EXCERPTED DATA

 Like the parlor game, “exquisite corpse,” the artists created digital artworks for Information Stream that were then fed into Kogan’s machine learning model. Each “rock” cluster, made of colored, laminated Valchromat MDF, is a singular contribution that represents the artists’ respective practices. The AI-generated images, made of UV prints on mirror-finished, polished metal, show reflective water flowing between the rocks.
---
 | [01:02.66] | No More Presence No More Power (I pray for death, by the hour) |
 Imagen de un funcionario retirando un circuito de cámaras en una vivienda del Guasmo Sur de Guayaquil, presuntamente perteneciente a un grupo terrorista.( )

WHAT YOU WILL DO
In the listing above, find the line with "the hour) |" and the line with "Imagen de un", then print exactly those lines and every line between them.

PROBLEM SOLUTION
 | [01:02.66] | No More Presence No More Power (I pray for death, by the hour) |
 Imagen de un funcionario retirando un circuito de cámaras en una vivienda del Guasmo Sur de Guayaquil, presuntamente perteneciente a un grupo terrorista.( )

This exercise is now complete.